I would urge you, my friends, to read biographies of choice servants of God. I do not think it is a stretch to use Hebrews 6:12 in support of this appeal: imitate those who through faith and patience inherit the promises. My own love/hate relationship with biographies has been recorded in several entries in my private journal. Recently I read some of these entries and decided to share them here (with some editing) in the hope that God would impress upon your hearts the need to study the men and women who have gone on before us.
Entry 1 (Date)
My calloused and cold soul must be pricked many times in many ways before the sharp siphon finds life. And then it is hardly enough to maintain the faintest heartbeat for God. Why is it that my soul can only stand back at a distance from the great company of men that truly knew God? If I strain my eye I can see them far, far away, barely recognizable, but distinct as great men with great faith. How come they seem so foreign to me? They are so far beyond me and if I ever am able to get close enough to them through the medium of their biographies and writings to hear their beating hearts my suddenly enlarged soul shrinks back in shame. I feel like I am trampling in the courts of God. I defile the holy place by audaciously allowing a sense of affinity. I cannot bear to stand in the arena of my study with this great cloud of witnesses looking down on me from my shelves. I plead grace as my excuse. Grace is why I am here.
Mr. Spurgeon, Mr. Carey, Mr. Brainerd, Mr. Edwards, Mr. Bonar, Mr. Rainesford, Mr. McCheyne, Mr. Martyn: I would beg your forgiveness for vicariously entering into a spiritual hunger and thirst after righteousness by pondering your words and your lives. But once in the thrall of hunger and thirst for righteousness, once with the glorious fullness of God, once broken in my appeal for communion, you fade. I am no longer aware of you. I thought I was hanging on to your coattails. I wasn’t. I was groping for your God. The Common Denominator among you mediates between me and your God – the man Christ Jesus. And, like the poor woman in the press of the crowd, I have stretched myself out as much as I can to touch the fringe of His robe knowing that a touch, and only a touch, will fill my soul. Sirs, I am not hanging on to your coattails. I am hanging on to your Lord. I shall never have the great influence that you have had. I mourn the lack of education that you have had. I lack the spiritual and mental prowess that each of you possessed. But I can love Jesus as you did. I can bow my knees as you did. For the thing that you and I have in common is the only thing that makes all the difference: the grace and peace of our Lord Jesus Christ.

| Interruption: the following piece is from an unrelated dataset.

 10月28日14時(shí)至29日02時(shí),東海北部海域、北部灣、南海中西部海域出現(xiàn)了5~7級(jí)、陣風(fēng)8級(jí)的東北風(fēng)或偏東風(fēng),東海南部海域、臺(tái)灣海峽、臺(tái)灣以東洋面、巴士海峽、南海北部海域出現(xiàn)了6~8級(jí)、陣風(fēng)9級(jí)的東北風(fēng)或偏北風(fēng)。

Today I read Murray’s Spurgeon v. the Hyper-Calvinists and from The Life and Diary of David Brainerd.
Entry 2 (date)
I cannot endure David Brainerd’s journals. I have read it in the past, but now I read with different eyes. Before I read academically and it inspired me. Now, I am reading as a man completing the ___ year of his life with mournful frustration. Not because I cannot emulate him (which I am sure I cannot), but that I do not even want to emulate him. I am not ready to violate his memory by bringing his holy words to my mind. Actually, my revulsion is not even that noble. David Brainerd was a fanatic. And I am too in love with the world to follow him. I am addicted to the pleasures of this world, and I don’t really want to be free of them to the extent that I lose it all for Christ. Reading Brainerd is an irritation, an unkind reminder of an alternative lifestyle, the light of which sends my soul scurrying to its dark dingy hole – the place I call my Christianity.

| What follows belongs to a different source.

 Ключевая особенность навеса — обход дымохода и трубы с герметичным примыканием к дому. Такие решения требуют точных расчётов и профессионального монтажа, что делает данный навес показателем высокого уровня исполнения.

My mind immediately hurls forth cavil and denunciations, excuses and condescending assessments of Brainerd’s psyche. He used hyperbole excessively. He was a fanatical recluse. He might have been more effective if he had taken care of himself. His passion was unusual and it is impossible for a normal person. He was imbalanced. He was emotionally unstable. Warped. Sick. He’s overrated. What did Carey see in him? Spurgeon? Edwards? But the truth is: he makes me feel rotten. It galls me to read a spiritual man describe his love for sinners and Christ and wonder what he is even talking about.
O, Lord, forgive me. That’s the truth. Is there any hope for such as me? From my vantage point in this dingy hole I can see the light from a safe distance, benefit from its warmth, and thereby procure an above average power of discernment of the place that I and my countrymen call Christianity. But, the thought of coming out into the fullness of the Light is still unappealing. For, there in the fullness of Your Light, I will have more than the power to discern the place I call Christianity, more than the warmth of basking in the glorious light, but – and this is the part I fear – I will have the empowered and undimmed discernment of the person that I am.
I am praying against my feelings when I ask for a portion of whatever it was that David Brainerd had.